What his wife didn’t know was that it could already have got him into much bigger trouble than just setting back his recovery from his injuries.

 

 

I
T TOOK
P
IERCE
several wrong turns to find her way back to the Hardison site; she was grateful her own car was still being examined for evidence back at the barn so she was driving one no one would find familiar. It still felt reckless to be returning this soon, and she drove past several more turns before parking to return on foot. She saw no other cars along the way; if Leo was here, he’d either brought in a third party to drop him off or hiked further than he probably should with his injured leg. Both options struck her as unnecessarily reckless.

Of course, maybe she was wrong, and he hadn’t come here at all.

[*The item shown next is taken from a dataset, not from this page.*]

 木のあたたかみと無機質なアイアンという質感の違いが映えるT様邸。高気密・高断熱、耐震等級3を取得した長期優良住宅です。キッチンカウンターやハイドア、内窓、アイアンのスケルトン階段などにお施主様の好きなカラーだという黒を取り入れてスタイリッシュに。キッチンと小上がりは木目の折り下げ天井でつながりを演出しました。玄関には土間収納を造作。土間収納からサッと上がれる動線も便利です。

Or maybe he’d already been caught. Pierce cursed to herself. She’d brought him in on this mess so that she wouldn’t have to keep going out on a limb all by herself, with no one knowing where she’d gone or why. It hadn’t been part of the plan for Leo to start doing the same thing.

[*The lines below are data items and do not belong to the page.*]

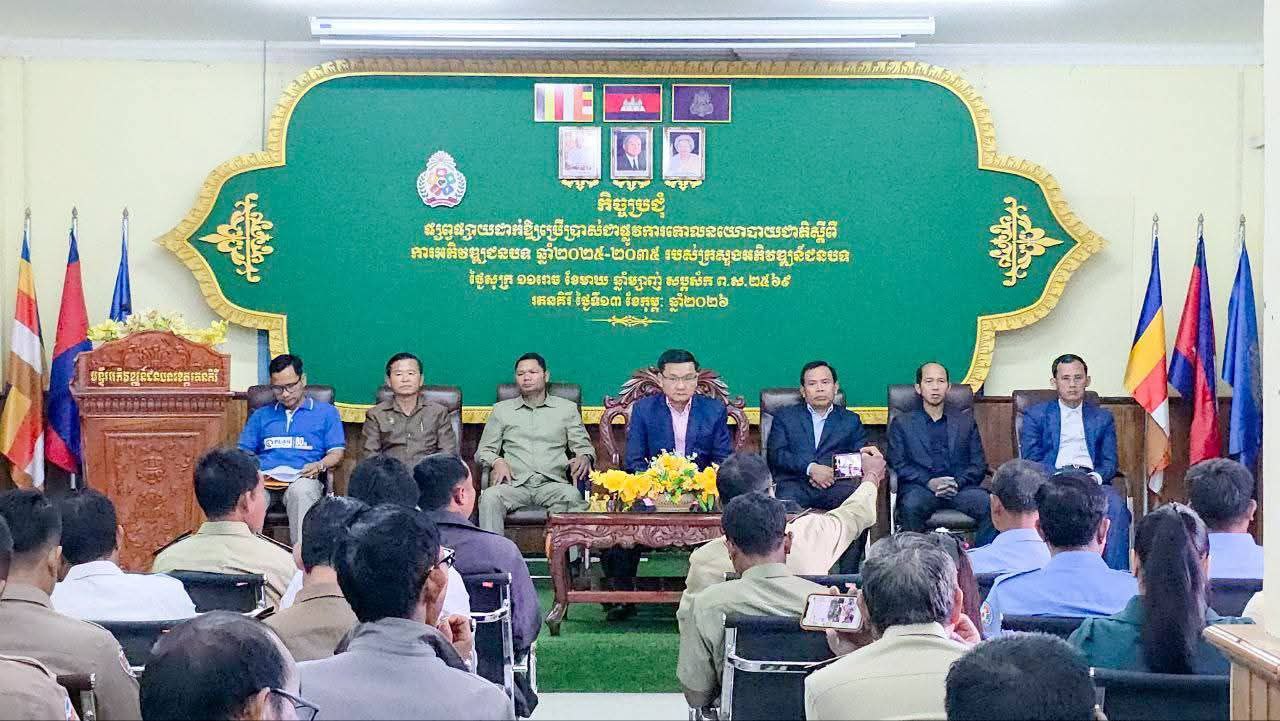 ខេត្តរតនគិរី ៖ នៅព្រឹកថ្ងៃទី១៣ ខែកុម្ភៈ ឆ្នាំ២០២៦នេះ ឯកឧត្តម ហុង ឡុង រដ្ឋលេខាធិការក្រសួងអភិវឌ្ឍន៍ជនបទ តំណាងដ៏ខ្ពង់ខ្ពស់ឯកឧត្តម ឆាយ ឫទ្ធិសែន រដ្ឋមន្ត្រីក្រសួងអភិវឌ្ឍន៍ជនបទ បានអញ្ជើញជាអធិបតីក្នុងកិច្ចប្រជុំផ្សព្វផ្សាយ «គោលនយោបាយជាតិស្តីពីការអភិវឌ្ឍជនបទឆ្នាំ ២០២៥-២០៣៥» ។ កិច្ចប្រជុំនេះប្រារព្ធធ្វើឡើងនៅសាលប្រជុំមន្ទីរអភិវឌ្ឍន៍ជនបទខេត្តរតនគិរីដោយមានការចូលរួមពីជ្ញាធរដែនដី និងមន្ត្រីពាក់ព័ន្ធយ៉ាងច្រើនកុះករ ដែលបង្ហាញពីសាមគ្គីភាពក្នុងការអនុវត្តយុទ្ធសាស្ត្រជាតិ។
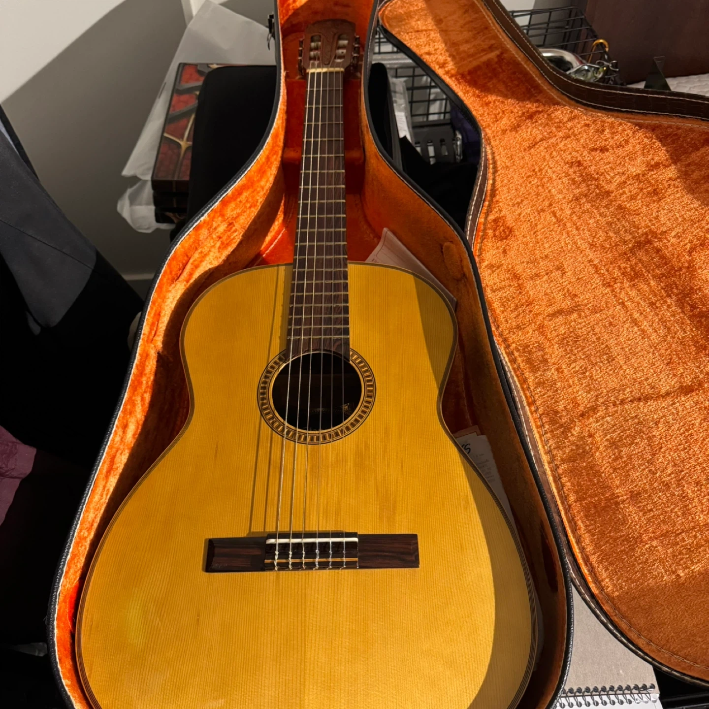 Selling a Giannini classical guitar. It's in good condition and comes with a case. The guitar has a warm sound and is perfect for beginners or experienced players alike. It's ready to be played!
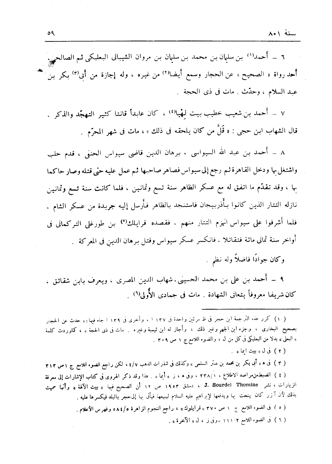أحمد بن عبد الله السيواسي برهان الدين قاضي سيواس الحنفي قدم حلب فاشتغل بها ودخل القاهرة ثم رجع إلى سيواس فصاهر صاحبها ثم عمل عليه حتى قتله وصار حاكماً بها، وقد تقدم ما اتفق له مع عسكر الظاهر سنة تسع وثمانين، فلما كان سنة تسع نازله التتار الذي كانوا بآذربيجان فاستنجد بالظاهر، فأرسل إليه جريدة من عساكر الشام، فلما أشرفوا على سيواس انهزم التتار منهم فقصده قرايللك بن طور علي التركماني في أواخر سنة ثمانمائة فتقاتلا، فانكسر عسكر سيواس وقتل برهان الدين في المعركة؛ وكان جواداً فاضلاً له نظم أحمد بن علي بن محمد الحسيني شهاب الدين المصري ويعرف بابن شقائق كان شريفاً معروفاً يتعانى الشهادة، مات في جمادى الآخرة.
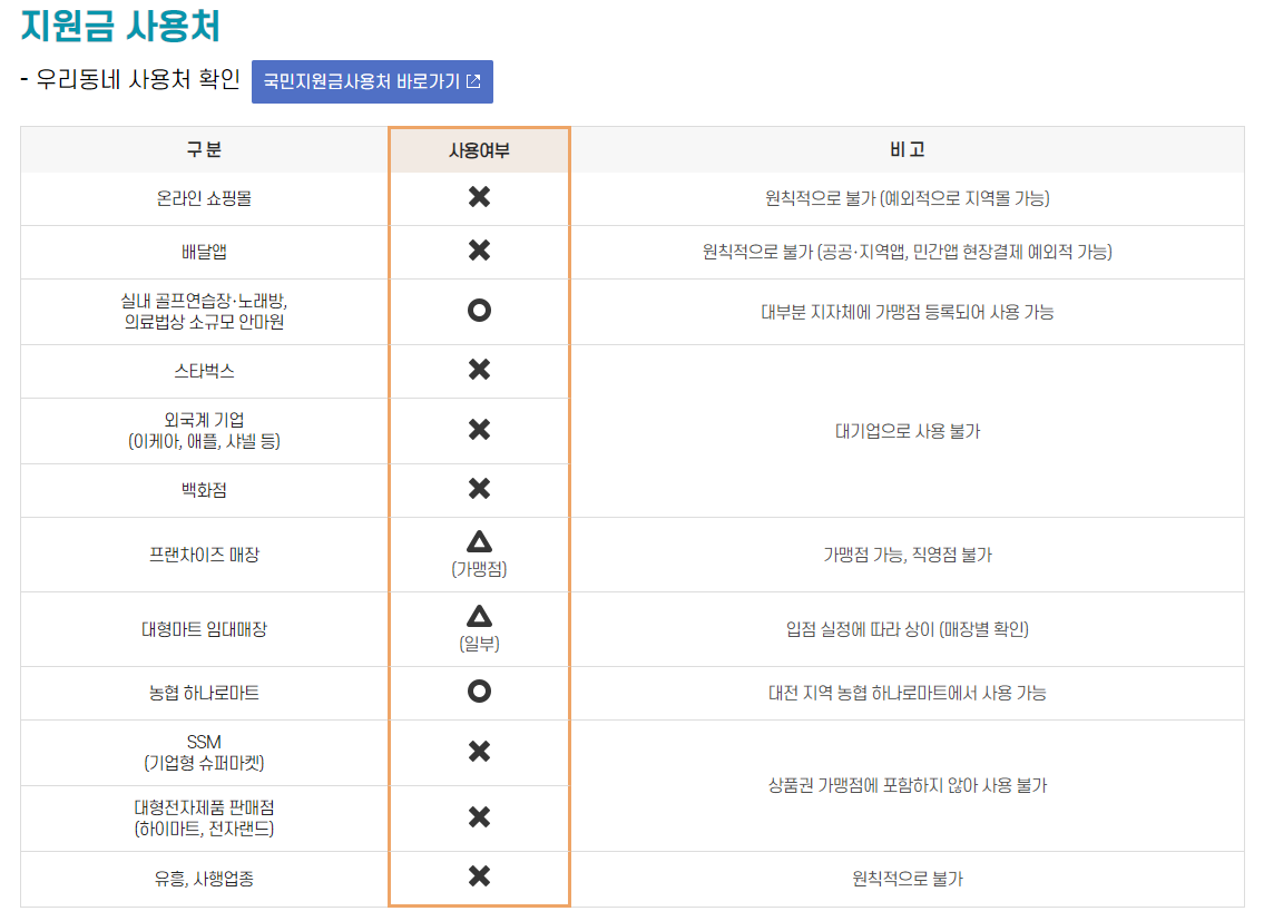 국민지원금 사용처 안내 - 메인
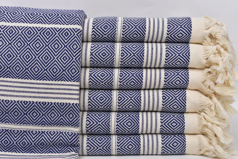 Toalla de playa turca personalizada Diamante azul marino, 38 x 69 pulgadas
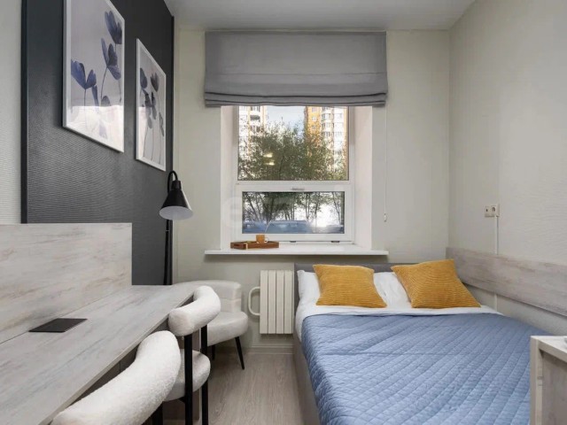 Уютная студия в доме с высокими потолками и прочными стенами ждет своих новых владельцев.
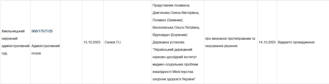 Водночас Ольга Веселовська пішла до Хмельницького окружного адміністративного суду із позов до ДУ з вимогою скасувати рішення щодо її інвалідності. Суд відкрив справу. Розгляд триває.
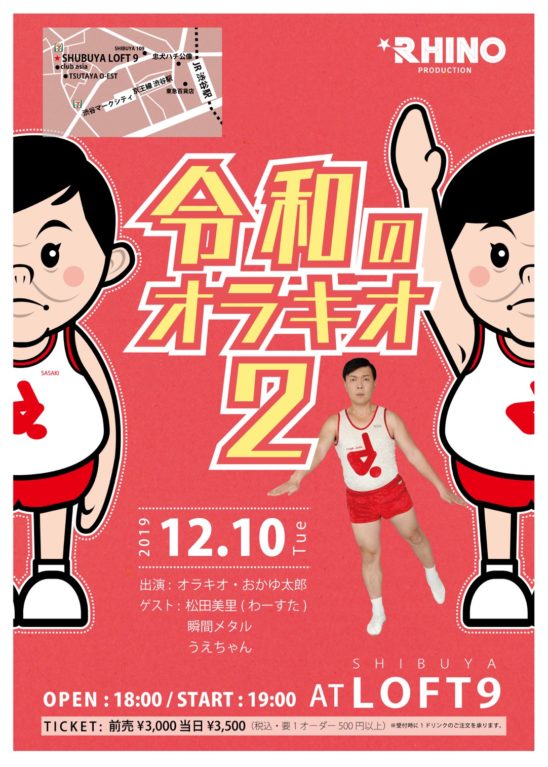 SCHEDULE 2019 12 10 Tuesday 令和のオラキオ2 OPEN 18:00 - START 19:00 Tweet 【出演】オラキオ、おかゆ太郎(ロボットまんぞうさん) 【ゲスト】松田美里(わーすた)、瞬間メタル、うえちゃん TICKET前売¥3,000 / 当日3,500(飲食代別・要1ドリンク以上オーダー) 前売はe+にて11/23(土)正午より発売 ※フラワースタンドの設置はできません。お花をお贈り頂く場合は卓上サイズのアレンジメントをご利用ください。 Share

She picked her way cautiously across the fields towards the Hardison building. In the dimming light, she could just about make out the glint of the high metal fence. There was no way Leo would have been able to get past that level of security. But if he’d set up surveillance on the place, then where would he be? She headed towards a small copse of trees beside the access road to the site, the only obvious source of cover around.

Too obvious? As she approached, she thought she saw a moving shadow shift beneath trees, and she hesitated. If it wasn’t Leo, but one of Maitland’s people...

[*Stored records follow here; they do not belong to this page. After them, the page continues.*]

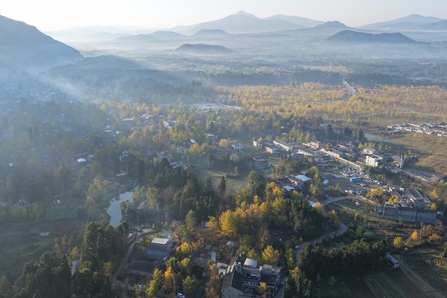 11月27日、「イチョウ村」と呼ばれる江東村の景色。(騰衝=新華社配信/龔祖金)
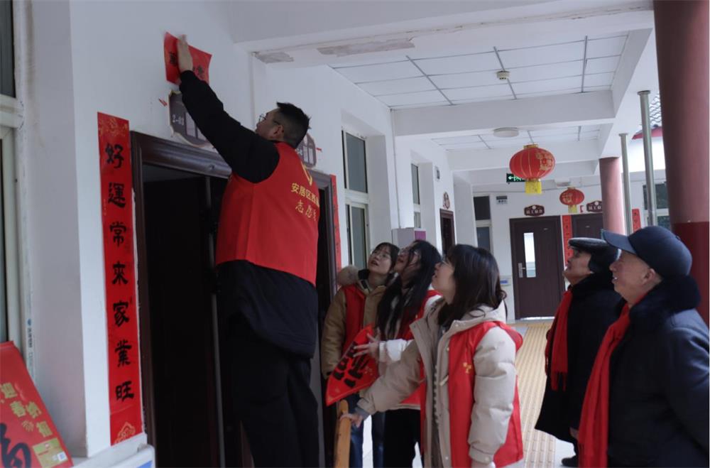 “万事如意”“好运常来”“福星高照”……1月21日一大早,走进西眉镇中心敬老院,志愿者们正在敬老院内忙碌布置,贴春联、粘窗花,还有的帮助老人打扫卫生、整理床铺,陪伴老人拉家常、话里短,火红的装饰、热闹的氛围为养老院里增添了一份浓浓的年味。
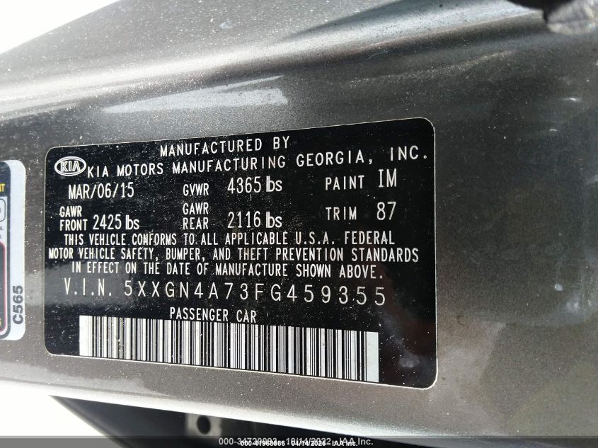2015 KIA OPTIMA 2015 року Бензин, 2.4, Передний привод, vin - 5XXGN4A73FG459355 из США
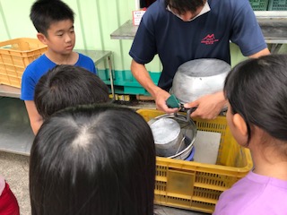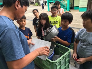 洗い終わった後の、調理器具の汚れと焦げ落としのチェックです。これが、なかなか、難しいのです。細部まで磨かなければ、もとの状態にはもどりません。粘りが必要な後片付けの活動です。が、本当によい体験学習です。
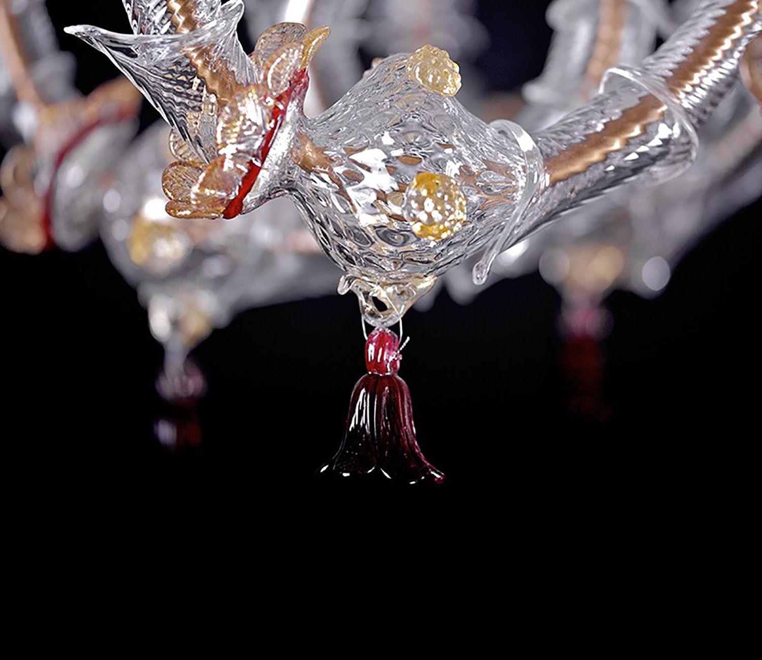 Lampadario Cà Rezzonico Doge: autentico ed artistico lampadario classico veneziano in Vetro di Murano, lavorato seguendo la tecnica tramandata da generazioni ed esclusivamente a mano libera.
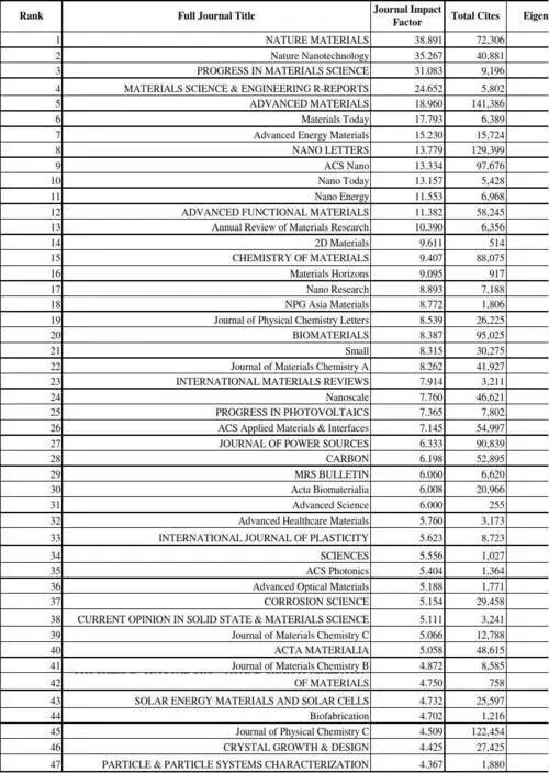 2016年材料类SCI影响因子

Then she was already caught. She stepped backwards, reaching for her warrant card, as a dark shape emerged from under the trees.

On four legs rather than two. Shit, shit, shit. Pierce turned to run, but the big dog leapt after her, eerily silent as it bounded past her and herded her back towards the trees. In the face of gaping mastiff jaws that could crush her bones, she raised her hands and backed down, mind ticking away furiously. Malodorant spray—had she grabbed another canister after discharging hers in the scuffle at the park? Shit, she didn’t think she had. She had the silver cuffs, which would neutralise the pelt, but she’d never get them on the shifter while it was in dog form.